# PROBLEM REQUIREMENTS
Output the whole listing below exactly, omitting the images.
++++++++++
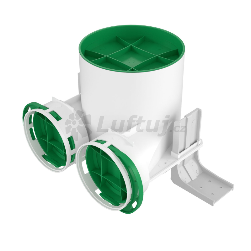Pripojovacie konektory s priemerom Ø90 mm sú vybavené tesnením a špeciálnou ochranou pripojených potrubí, čo zaisťuje tesnosť celého systému vo vysokej triede D. Montáž boxu je uľahčená konzolami, ktoré umožňujú nastavenie výšky inštalácie a prispôsobia sa miestu inštalácie. Zaručujú rýchlu a jednoduchú inštaláciu pripojovacích schránok do systému. Box umožňuje pripojenie maximálne dvoch vetracích potrubí s priemerom Ø90 mm k prívodnému alebo odvodnému ventilu.
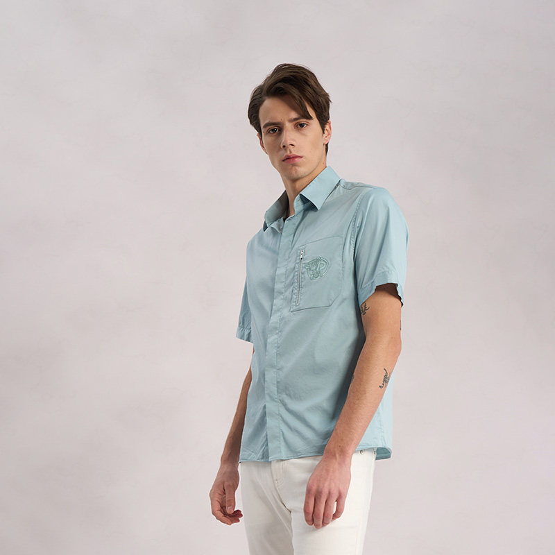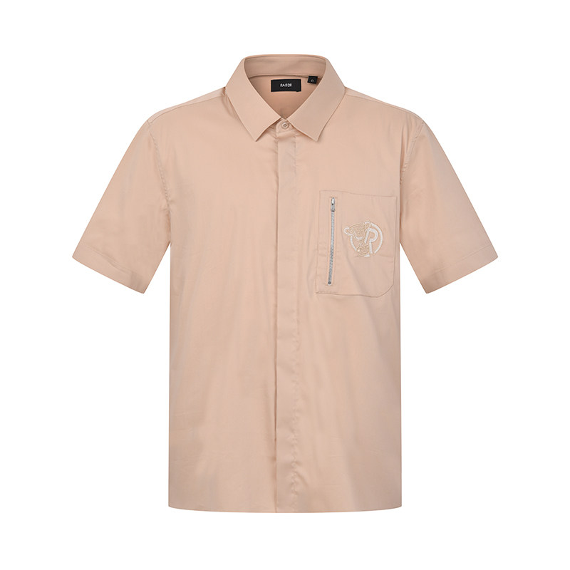 RARE威雅男装夏季新款拉链工装口袋蓝色商务休闲男士短袖衬衫
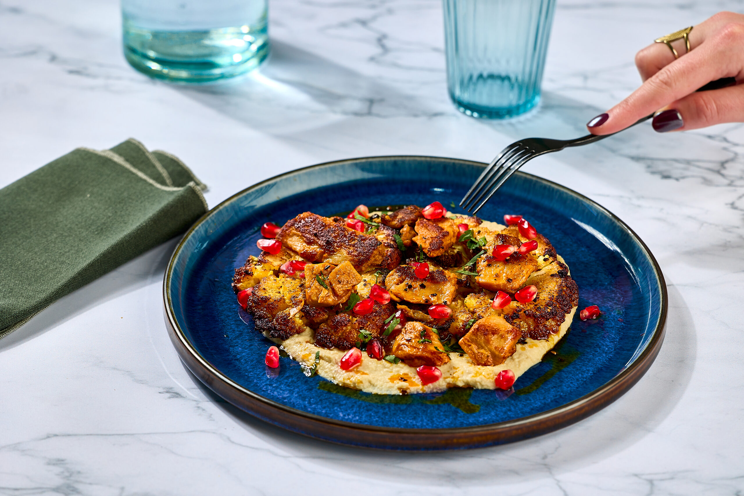 • Chou-fleur rôtis, houmous, ail confit et émincés Tex Mex
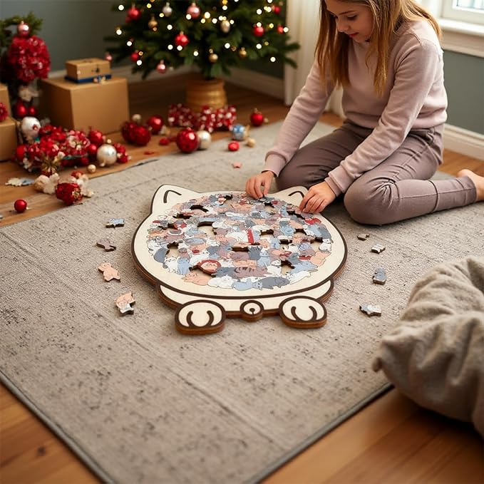 - [Discover a Purr-fectly Adorable Puzzle Experience]Immerse yourself in this 135-piece wooden jigsaw, where every piece is a delight! Uniquely shaped with charming cat silhouettes, playful paws, and cute poses, making the process of finding and fitting each piece a satisfying and joyful adventure.
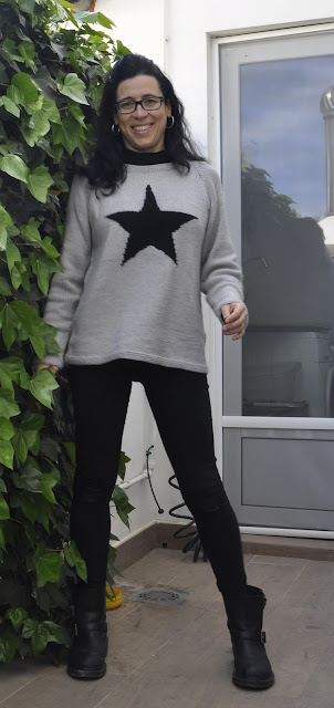 Using 4.5 mm straight needles, I knitted the back and then the front till the armpits. I drew the star at the computer and printed it. I then drew the star in a gridded paper that resembles my gauche, and followed the pattern row by row).I knitted then the two sleeves, using also straight needles.
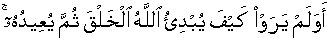 Do they not see/give it a thought how Allah initiates/originates the creation and afterwards He revives-takes it to logical conclusion. [Refer 29:19] You, the Messenger [Sal'lallaa'hoalaih'wa'salam] pronounce, "You people traverse in the world/land and then you people observe/watch how Allah did originate creation; afterwards Allah will create/raise the last raising. [Refer 29:20] Indeed He/Allah initiates the creation, afterwards He revives-takes it to logical conclusion, [Refer 30:11]
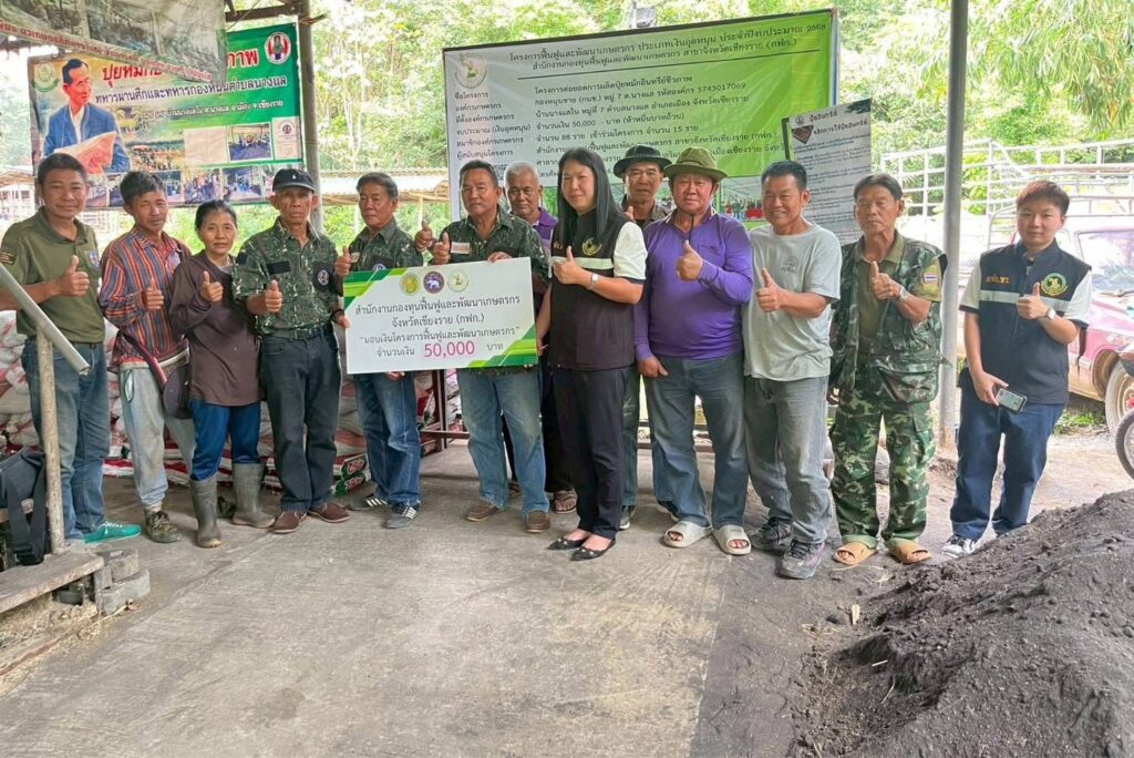 วันที่ 24 ตุลาคม 2568 เวลา 13.00 น. นายนิยม สุวรรณประภา หัวหน้าสำนักงานกองทุนฟื้นฟูและพัฒนาเกษตรกร สาขาจังหวัดเชียงราย (กฟก.) มอบหมายให้ นางสาวผุสดี มะเทวิน นางสาวจุฑาทิพย์ ปินตาสาร ผู้ปฏิบัติงานสำนักงานสาขา และนายณัฐภูมิ เข็มขาว ผู้ปฏิบัติงานกลุ่มงานบริการ ลงพื้นที่ร่วมส่งมอบปัจจัยการผลิต ปุ๋ยหมักอินทรีย์ชีวภาพ กิจกรรมในงวดที่ 2 ให้องค์กรเกษตรกร กลุ่มกองหนุนชาย (กนช.) หมู่ 7 ณ บ้านนางแลใน ตำบลนางแล อำเภอเมืองเชียงราย จังหวัดเชียงราย
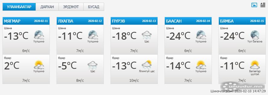 Маргааш нийслэл Улаанбаатар хотод цас ихээр орж, агаарын хэм -5 градус хүртэл буурах төлөвтэй байна. Мөн баруун аймгуудын нутгийн ихэнх, төвийн аймгуудын нутгийн зарим хэсгээр, зүүн аймгуудын нутгийн хойд хэсгээр цас орох юм байна.
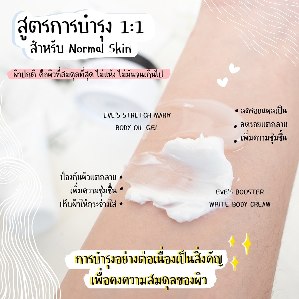 ... เหมาะกับทุกสภาพผิว ช่วยลดเลือนรอยแตกลาย บำรุงผิวเนียนนุ่ม คืนความชุ่มชื้น ลดรอยแผลเป็น จุดด่างดำ รอยคล้ำ ช่วยลดการสูญเสียน้ำในผิวหนัง สร้างเกราะป้องกันผิว ผิวแข็งแรง ช่วยชะลอความเสื่อมของเซลล์ผิว ผลิตภัณฑ์ในกล่อง • อีฟส์ สเทรช มาร์ค บอดี้ ออยล์ เจล ขนาด 90 g. • อีฟส์ บูสเตอร์ ไวท์ บอดี้ ครีม ขนาด 100 g. ========================================== อีฟส์ สเทรช มาร์ค บอดี้ ออยล์ เจล EVE'S STRETCH MARK BODY OIL GEL ผลิตภัณฑ์บํารุงผิว ที่อุดมไปด้วยสารสกัดจากไข่มุกบริสุทธิ์และ Black Mulberry ช่วยปกป้องผิวจากอนุมูลอิสระ ล็อคความชุ่มชื้นให้แก่ผิวได้ยาวนาน เหมาะสำหรับผิวที่ต้องการความชุ่มชื้นเป็นพิเศษ เกลี่ยง่าย ไม่เหนียวเหนอะหนะ ช่วยให้ผิวมีความยืดหยุ่น เหมาะกับทุกสภาพผิว • ช่วยลดเลือนรอยแตกลาย • บำรุงผิวเนียนนุ่ม คืนความชุ่มชื้นให้แก่ผิว • รอยแผลเป็น จุดด่างดำ รอยคล้ำ แลดูจางลง • ช่วยลดการสูญเสียน้ำในผิวหนัง • สร้างเกราะป้องกันผิว ผิวแข็งแรง • ช่วยชะลอความเสื่อมของเซลล์ผิว • สร้างเกราะป้องกันผิว ปกป้องผิวจากมลภาวะ • ปรับผิวให้เรียบเนียน ดูอิ่มน้ำยิ่งขึ้น • ช่วยต่อต้านอนุมูลอิสระ ช่วยปกป้องเซลล์ผิวอย่างล้ำลึก วิธีใช้ : ทาลงบนบริเวณผิวกาย หรือบริเวณผิวที่แห้งเป็นพิเศษ สามารถผสมกับครีมบูสเตอร์หรือโลชั่นได้ปริมาณตามความชอบ โดยผสมที่ฝ่ามือก่อนชโลมลงบนผิว ผลิตโดย : บริษัท เนจ ไซเอนซ์ จำกัด ที่ตั้ง : เลขที่ 5/10 หมู่ 10 ตำบล บางแม่นาง อำเภอ บางใหญ่ จังหวัด นนทบุรี 11140 จัดจำหน่ายโดย : บริษัท อีฟส์ สโตร์ จำกัด (VIP32) วัน เดือน ปี ที่ผลิต : ดุที่บรรจุภัณฑ์ เลขที่จดแจ้ง : 12-1-6500002441 ปริมาณสุทธิ : 90 g. ========================================== อีฟส์ บูสเตอร์ ไวท์ บอดี้ ครีม EVE'S BOOSTER WHITE BODY CREAM #ครีมทาท้องลายหลังคลอด อีฟส์ บูสเตอร์ ไวท์ บอดี้ ครีม ครีมแก้ก้นดำ รอยยุงกัด ขาลาย ขาหนีบดำ รักแร้ดำ ตอบโจทย์ทุกปัญหาผิวกาย ปรับผิวขาวกระจ่างใสอย่างเป็นธรรมชาติ เพิ่มความชุ่มชื้น ยืดหยุ่นแก่ผิว ช่วยสมานผิวให้เรียบเนียน ลดเลือนจุดด่างดำ รอยยุงกัด รอยแผลเป็น เพิ่มความแข็งแรง และปกป้องผิวจากมลภาวะ ชะลอการเสื่อมสภาพของเซลล์ผิว • บั้นท้ายหมองคล้ำให้ เรียบ เนียน ขึ้น • รอยแตกลายค่อยๆจางลง • สิวลดลงและป้องกันการเกิดซ้ำ • ขาหนีบหมองคล้ำดูจางลง ขาว เนียน • รักแร้ดำจะกลับมาขาวกระจ่างใจ เรียบ เนียน • คอ เข่า ข้อศอกดำกลับมาขาวกระจ่างใส ผลิตโดย : บริษัท เนจ ไซเอนซ์ จำกัด ที่ตั้ง :เลขที่ 5/10 หมู่ 10 ตำบล บางแม่นาง อำเภอ บางใหญ่ จังหวัด นนทบุรี 11140 จัดจำหน่ายโดย : บริษัท อีฟส์ สโตร์ จำกัด (VIP32) วัน เดือน ปี ที่ผลิต : ดุที่บรรจุภัณฑ์ เลขที่จดแจ้ง : 12-1-6200036864 ปริมาณสุทธิ : 100 g. ===========
++++++++++
# FINAL ANSWER
Pripojovacie konektory s priemerom Ø90 mm sú vybavené tesnením a špeciálnou ochranou pripojených potrubí, čo zaisťuje tesnosť celého systému vo vysokej triede D. Montáž boxu je uľahčená konzolami, ktoré umožňujú nastavenie výšky inštalácie a prispôsobia sa miestu inštalácie. Zaručujú rýchlu a jednoduchú inštaláciu pripojovacích schránok do systému. Box umožňuje pripojenie maximálne dvoch vetracích potrubí s priemerom Ø90 mm k prívodnému alebo odvodnému ventilu.
 RARE威雅男装夏季新款拉链工装口袋蓝色商务休闲男士短袖衬衫
 • Chou-fleur rôtis, houmous, ail confit et émincés Tex Mex
 - [Discover a Purr-fectly Adorable Puzzle Experience]Immerse yourself in this 135-piece wooden jigsaw, where every piece is a delight! Uniquely shaped with charming cat silhouettes, playful paws, and cute poses, making the process of finding and fitting each piece a satisfying and joyful adventure.
 Using 4.5 mm straight needles, I knitted the back and then the front till the armpits. I drew the star at the computer and printed it. I then drew the star in a gridded paper that resembles my gauche, and followed the pattern row by row).I knitted then the two sleeves, using also straight needles.
 Do they not see/give it a thought how Allah initiates/originates the creation and afterwards He revives-takes it to logical conclusion. [Refer 29:19] You, the Messenger [Sal'lallaa'hoalaih'wa'salam] pronounce, "You people traverse in the world/land and then you people observe/watch how Allah did originate creation; afterwards Allah will create/raise the last raising. [Refer 29:20] Indeed He/Allah initiates the creation, afterwards He revives-takes it to logical conclusion, [Refer 30:11]
 วันที่ 24 ตุลาคม 2568 เวลา 13.00 น. นายนิยม สุวรรณประภา หัวหน้าสำนักงานกองทุนฟื้นฟูและพัฒนาเกษตรกร สาขาจังหวัดเชียงราย (กฟก.) มอบหมายให้ นางสาวผุสดี มะเทวิน นางสาวจุฑาทิพย์ ปินตาสาร ผู้ปฏิบัติงานสำนักงานสาขา และนายณัฐภูมิ เข็มขาว ผู้ปฏิบัติงานกลุ่มงานบริการ ลงพื้นที่ร่วมส่งมอบปัจจัยการผลิต ปุ๋ยหมักอินทรีย์ชีวภาพ กิจกรรมในงวดที่ 2 ให้องค์กรเกษตรกร กลุ่มกองหนุนชาย (กนช.) หมู่ 7 ณ บ้านนางแลใน ตำบลนางแล อำเภอเมืองเชียงราย จังหวัดเชียงราย
 Маргааш нийслэл Улаанбаатар хотод цас ихээр орж, агаарын хэм -5 градус хүртэл буурах төлөвтэй байна. Мөн баруун аймгуудын нутгийн ихэнх, төвийн аймгуудын нутгийн зарим хэсгээр, зүүн аймгуудын нутгийн хойд хэсгээр цас орох юм байна.
 ... เหมาะกับทุกสภาพผิว ช่วยลดเลือนรอยแตกลาย บำรุงผิวเนียนนุ่ม คืนความชุ่มชื้น ลดรอยแผลเป็น จุดด่างดำ รอยคล้ำ ช่วยลดการสูญเสียน้ำในผิวหนัง สร้างเกราะป้องกันผิว ผิวแข็งแรง ช่วยชะลอความเสื่อมของเซลล์ผิว ผลิตภัณฑ์ในกล่อง • อีฟส์ สเทรช มาร์ค บอดี้ ออยล์ เจล ขนาด 90 g. • อีฟส์ บูสเตอร์ ไวท์ บอดี้ ครีม ขนาด 100 g. ========================================== อีฟส์ สเทรช มาร์ค บอดี้ ออยล์ เจล EVE'S STRETCH MARK BODY OIL GEL ผลิตภัณฑ์บํารุงผิว ที่อุดมไปด้วยสารสกัดจากไข่มุกบริสุทธิ์และ Black Mulberry ช่วยปกป้องผิวจากอนุมูลอิสระ ล็อคความชุ่มชื้นให้แก่ผิวได้ยาวนาน เหมาะสำหรับผิวที่ต้องการความชุ่มชื้นเป็นพิเศษ เกลี่ยง่าย ไม่เหนียวเหนอะหนะ ช่วยให้ผิวมีความยืดหยุ่น เหมาะกับทุกสภาพผิว • ช่วยลดเลือนรอยแตกลาย • บำรุงผิวเนียนนุ่ม คืนความชุ่มชื้นให้แก่ผิว • รอยแผลเป็น จุดด่างดำ รอยคล้ำ แลดูจางลง • ช่วยลดการสูญเสียน้ำในผิวหนัง • สร้างเกราะป้องกันผิว ผิวแข็งแรง • ช่วยชะลอความเสื่อมของเซลล์ผิว • สร้างเกราะป้องกันผิว ปกป้องผิวจากมลภาวะ • ปรับผิวให้เรียบเนียน ดูอิ่มน้ำยิ่งขึ้น • ช่วยต่อต้านอนุมูลอิสระ ช่วยปกป้องเซลล์ผิวอย่างล้ำลึก วิธีใช้ : ทาลงบนบริเวณผิวกาย หรือบริเวณผิวที่แห้งเป็นพิเศษ สามารถผสมกับครีมบูสเตอร์หรือโลชั่นได้ปริมาณตามความชอบ โดยผสมที่ฝ่ามือก่อนชโลมลงบนผิว ผลิตโดย : บริษัท เนจ ไซเอนซ์ จำกัด ที่ตั้ง : เลขที่ 5/10 หมู่ 10 ตำบล บางแม่นาง อำเภอ บางใหญ่ จังหวัด นนทบุรี 11140 จัดจำหน่ายโดย : บริษัท อีฟส์ สโตร์ จำกัด (VIP32) วัน เดือน ปี ที่ผลิต : ดุที่บรรจุภัณฑ์ เลขที่จดแจ้ง : 12-1-6500002441 ปริมาณสุทธิ : 90 g. ========================================== อีฟส์ บูสเตอร์ ไวท์ บอดี้ ครีม EVE'S BOOSTER WHITE BODY CREAM #ครีมทาท้องลายหลังคลอด อีฟส์ บูสเตอร์ ไวท์ บอดี้ ครีม ครีมแก้ก้นดำ รอยยุงกัด ขาลาย ขาหนีบดำ รักแร้ดำ ตอบโจทย์ทุกปัญหาผิวกาย ปรับผิวขาวกระจ่างใสอย่างเป็นธรรมชาติ เพิ่มความชุ่มชื้น ยืดหยุ่นแก่ผิว ช่วยสมานผิวให้เรียบเนียน ลดเลือนจุดด่างดำ รอยยุงกัด รอยแผลเป็น เพิ่มความแข็งแรง และปกป้องผิวจากมลภาวะ ชะลอการเสื่อมสภาพของเซลล์ผิว • บั้นท้ายหมองคล้ำให้ เรียบ เนียน ขึ้น • รอยแตกลายค่อยๆจางลง • สิวลดลงและป้องกันการเกิดซ้ำ • ขาหนีบหมองคล้ำดูจางลง ขาว เนียน • รักแร้ดำจะกลับมาขาวกระจ่างใจ เรียบ เนียน • คอ เข่า ข้อศอกดำกลับมาขาวกระจ่างใส ผลิตโดย : บริษัท เนจ ไซเอนซ์ จำกัด ที่ตั้ง :เลขที่ 5/10 หมู่ 10 ตำบล บางแม่นาง อำเภอ บางใหญ่ จังหวัด นนทบุรี 11140 จัดจำหน่ายโดย : บริษัท อีฟส์ สโตร์ จำกัด (VIP32) วัน เดือน ปี ที่ผลิต : ดุที่บรรจุภัณฑ์ เลขที่จดแจ้ง : 12-1-6200036864 ปริมาณสุทธิ : 100 g. ===========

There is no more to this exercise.